LePage, 28, said he suffered the injury in April. The initial prognosis had him ready to return by the Olympics.
“But I just happen to be one of those people who don’t naturally heal from disk herniations,” he said in a video posted to social media. “I’ve pushed through injuries before, and I’ve competed on injuries. So, to the very end, until the last week or so, I really thought I was going to push through it and be able to do it, but can’t force my back to suddenly start working, no matter how hard I try.
“I went to meets, tried to test it. There was no power. Nothing was really going on, and it got to the point where it was either go to the Olympics, score 7,000 points, if that, or hurt myself and risk future long-lasting damage. My mind wants to be there, but every sign in my body is telling me not to, and that it’s a mistake. So me and my team, we ultimately made the decision not to go.”
Last August, LePage led a Canadian one-two in the decathlon at the world championships with Tokyo Olympic gold medalist Damian Warner.
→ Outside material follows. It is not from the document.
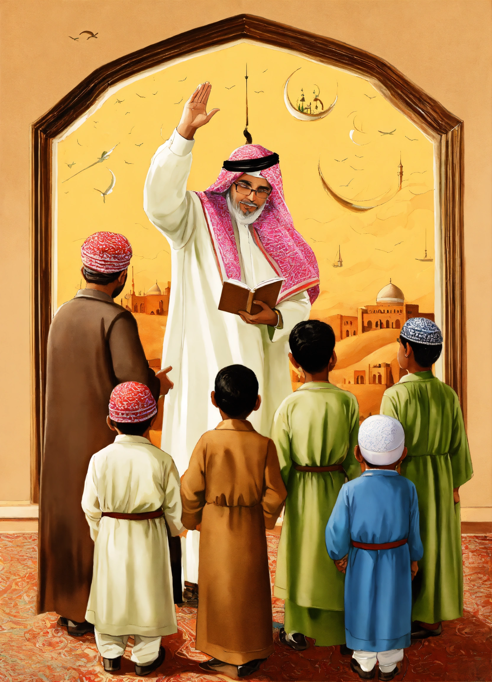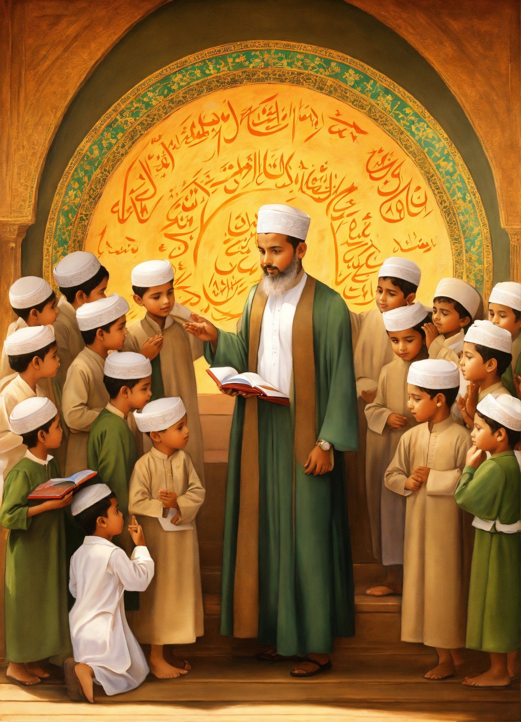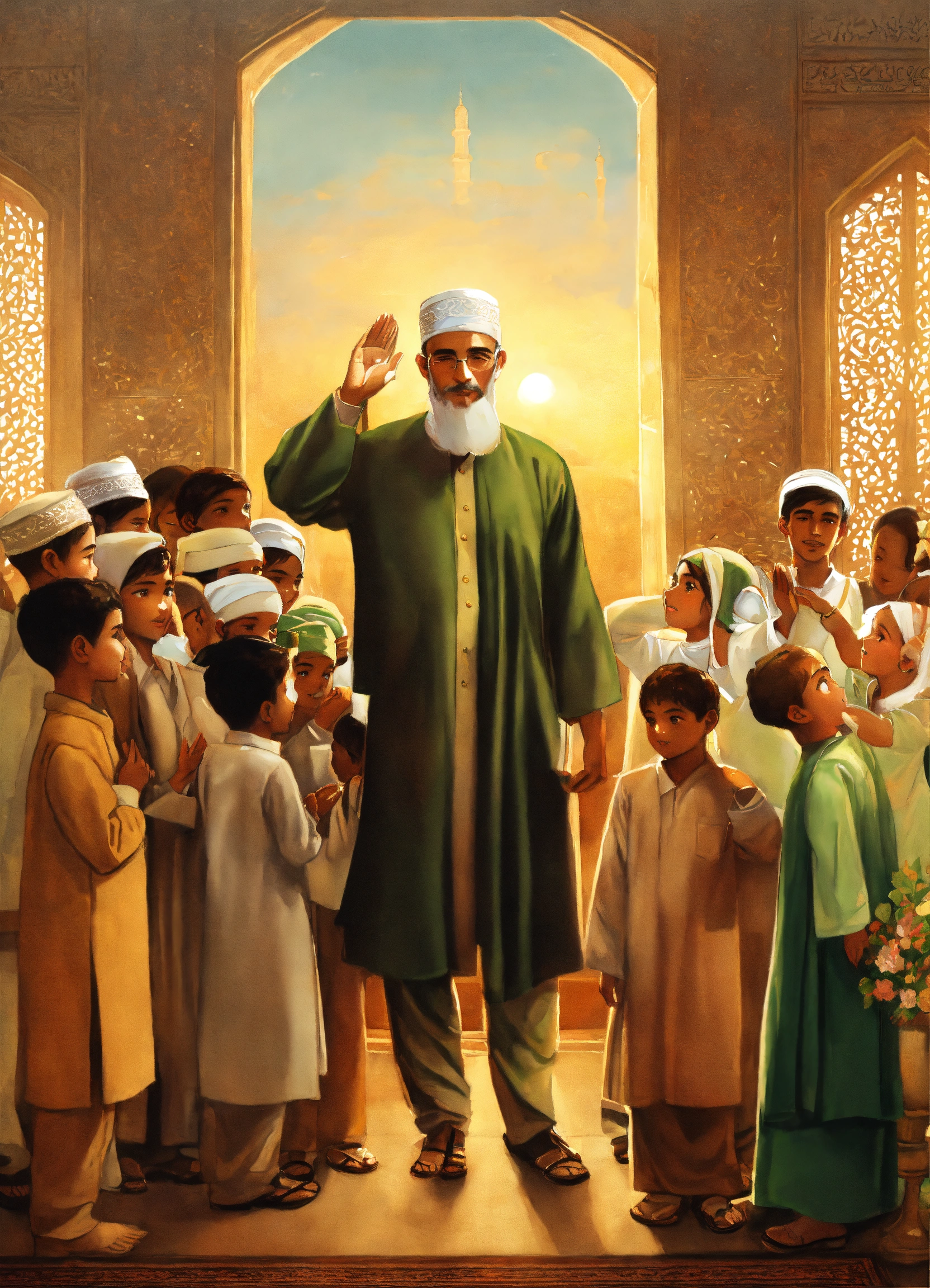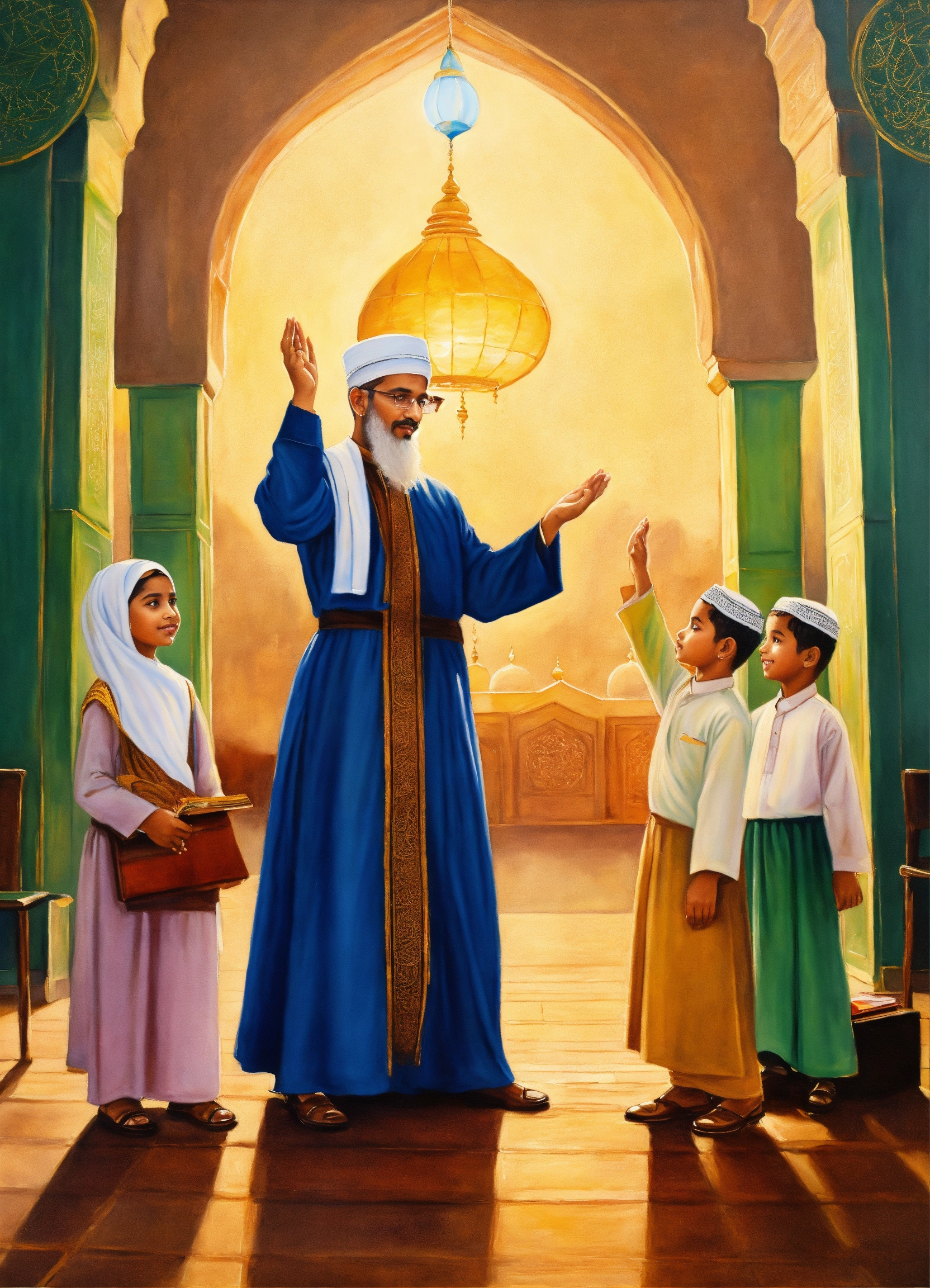 A painting depicting a great muslim teacher and children saluting on teacher's day

LePage was fifth in his Olympic debut in Tokyo (competing with a torn patellar tendon). He took silver at the 2022 World Championships behind world record holder Kevin Mayer of France before becoming the first Canadian to win a world title in the event in 2023.
“I want to defend my title next year,” he said.
LePage, a 6-foot-8 Ontarian, formerly was a maintenance worker at the track where he trains and also used to do video game competitions.
German Leo Neugebauer, the NCAA champion from the University of Texas, has the world’s best decathlon score this year of 8,961 points. That score, the best in the world in this Olympic cycle, would have won the 2023 World title by 52 points over LePage.
Neugebauer can become the youngest Olympic decathlon gold medalist since Czech Robert Změlík in 1992.
Warner, now 34, is already the oldest Olympic decathlon medalist of any color from his gold in Tokyo, according to the OlyMADMen.